7/03/2015

Spiritual Warfare

When I was a new Christian, I have heard about spiritual dryness and  I have always thought that it won't happen to me since I was on fire for the Lord.  Everyday, I was hungry for His Word and I can sit all day reading the Bible and talking to Him.  My free time was always prayer time- be it a short jeepney or bus ride, shower time, or short walk to and from.  Life was difficult then as we were down financially, but there was genuine peace and joy inside me.  It was amazing!  


Then the Lord blessed us with more than we deserved and I became busy in the process not wanting to pause and meditate as I always find myself  needing to meet deadlines.  My quiet time with Him became dry in the process that I almost cannot hear Him.  I knew deep in my heart that the joy and peace, only the presence of the Lord can give, is slowly fading away.  The pull of the world on me became stronger and my flesh suddenly woke up with renewed strength and conviction to reign on me. The struggle, the spiritual warfare the Apostle Paul described in Romans 7 was now becoming real right through me:

Romans 7: 15-20

I do not understand what I do. For what I want to do I do not do, but what I hate I do. And if I do what I do not want to do, I agree that the law is good. As it is, it is no longer I myself who do it, but it is sin living in me. For I know that good itself does not dwell in me, that is, in my sinful nature. For I have the desire to do what is good, but I cannot carry it out. For I do not do the good I want to do, but the evil I do not want to do—this I keep on doing. Now if I do what I do not want to do, it is no longer I who do it, but it is sin living in me that does it.
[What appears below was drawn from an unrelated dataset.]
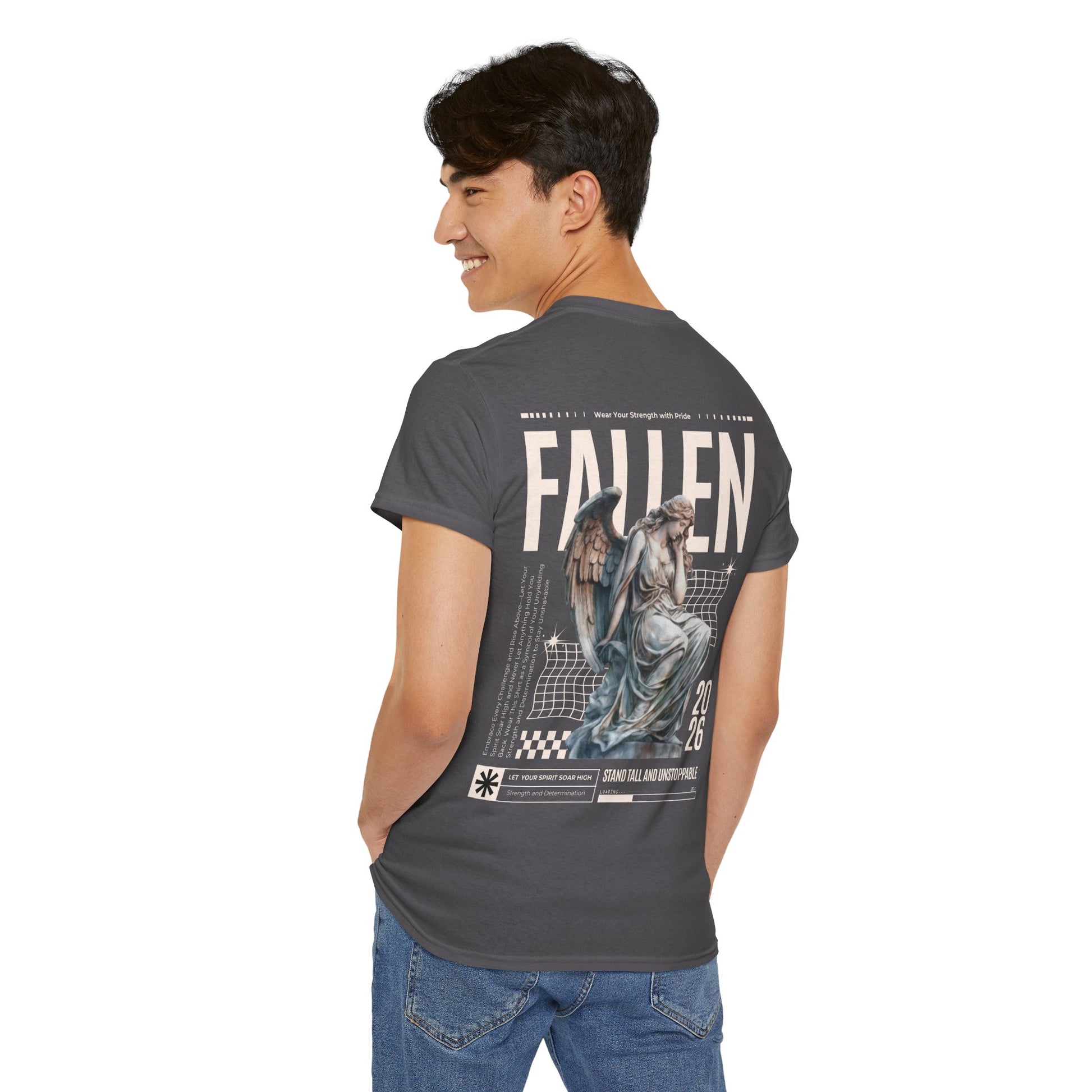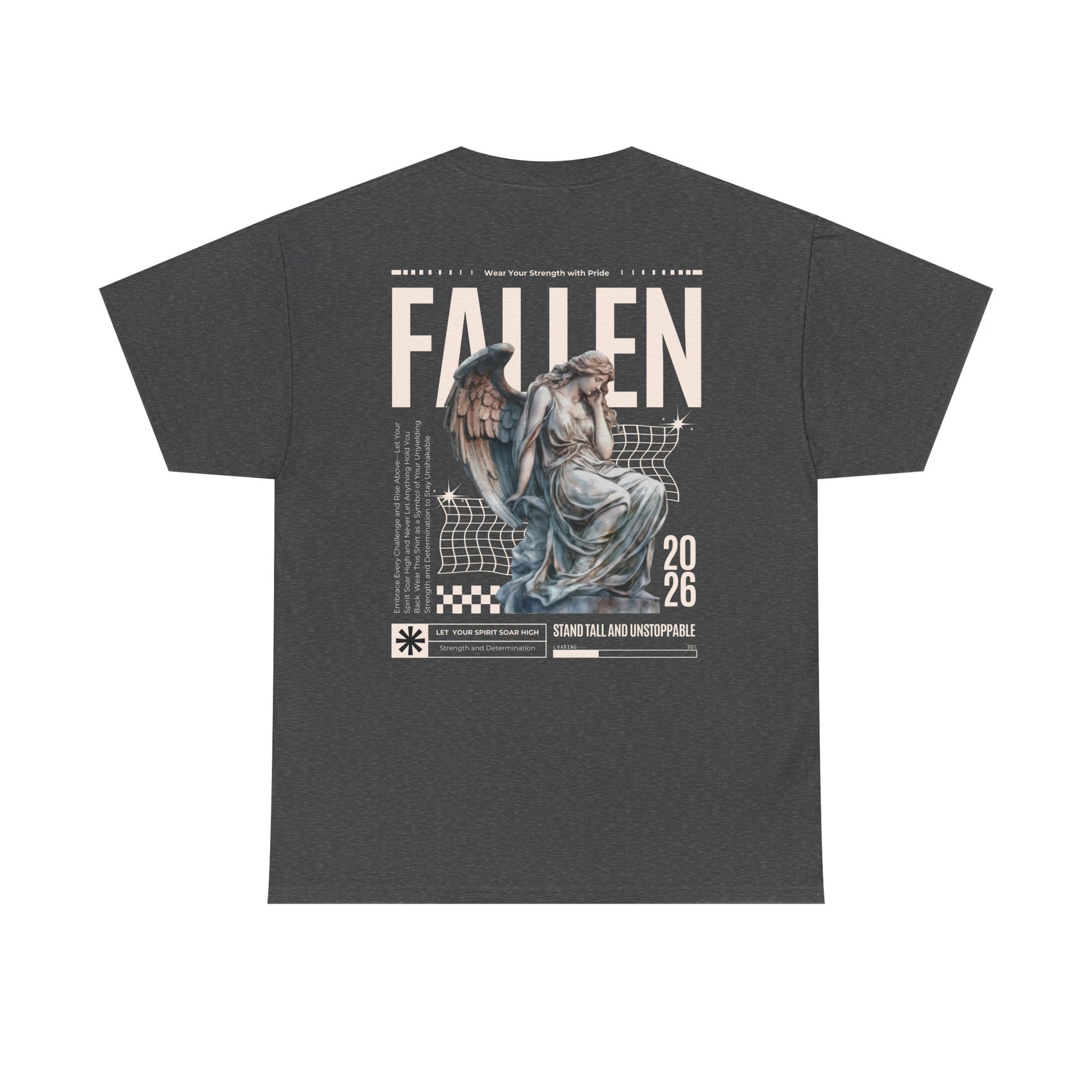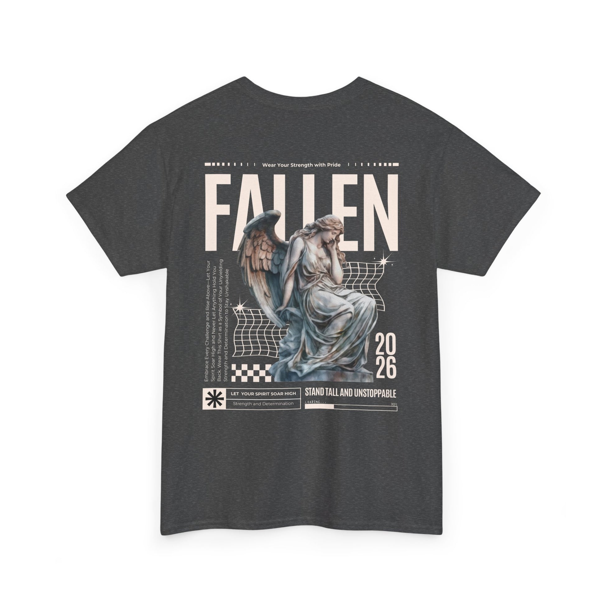 Esta camiseta transmite una energía tranquila y melancólica: suave algodón negro con un corte clásico y holgado, estampada con una gran composición en la espalda que combina una estatua de ángel desgastada, cuadrículas gráficas retro y la palabra «FALLEN» en letras grandes. Es como la banda sonora de los paseos nocturnos por la ciudad y las tiendas de discos polvorientas: desgastada, reflexiva, con un toque dramático. Combínala con chaquetas superpuestas, botas pesadas y tu bufanda favorita; se convertirá en la pieza clave de un conjunto que es a partes iguales nostálgico y moderno. El tejido tiene el peso suficiente para mantener los estampados nítidos, a la vez que es transpirable para poder llevarla durante todo el año. Los pequeños detalles, como la cinta de sarga en los hombros, el cuello acanalado y la etiqueta desprendible, la hacen cómoda y duradera, mientras que la impresión DTF y DTG conservan los finos matices y la textura de la obra de arte. Para cualquiera que se incline por un estilo oscuro y expresivo y quiera un estampado en la espalda que sea como poesía visual, esta camiseta encaja perfectamente en su armario y en su estado de ánimo.

I almost believed the lie that I am so guilty the Lord will not forgive me. But the Lord loves me and He will not allow me to go down the pit. He graciously nudges me when I take the wrong step and He never gets tired of doing so. He is faithful, merciful and gracious to forgive me. And His loving kindness makes me cry as I cannot give it back the same way with my own strength. Only through Jesus that I can be deserving of the gift of salvation. He is my Lord and Savior and I will fight for Him. My flesh will always renew its strength but God will give me enough strength to fight it back!

Slowly now, it is becoming clearer to me. Spiritual dryness came, for me to realize that faith and love for the Lord does not only mean being on fire for the Lord. I cannot rely on what I feel because my emotion can be deceiving. True faith and love for the Lord is a COMMITMENT. Commitment to fight for Him over my own flesh. To fight for my time for Him over my busyness, to fight for my obedience to Him over my own desires and to fight for my crown of life over the glittering prize the world offers. Commitment to fight on His side during this spiritual war fare. I am already in the middle of this war, and I chose to side with the Lord. And I pray for God that He lead me and renew my heart and strength every moment of this war.


Psalm 51: 10-11

Create in me a clean heart, O God
And renew a steadfast spirit within me.
Do not cast me away from Your presence
And do not take Your Holy Spirit from me.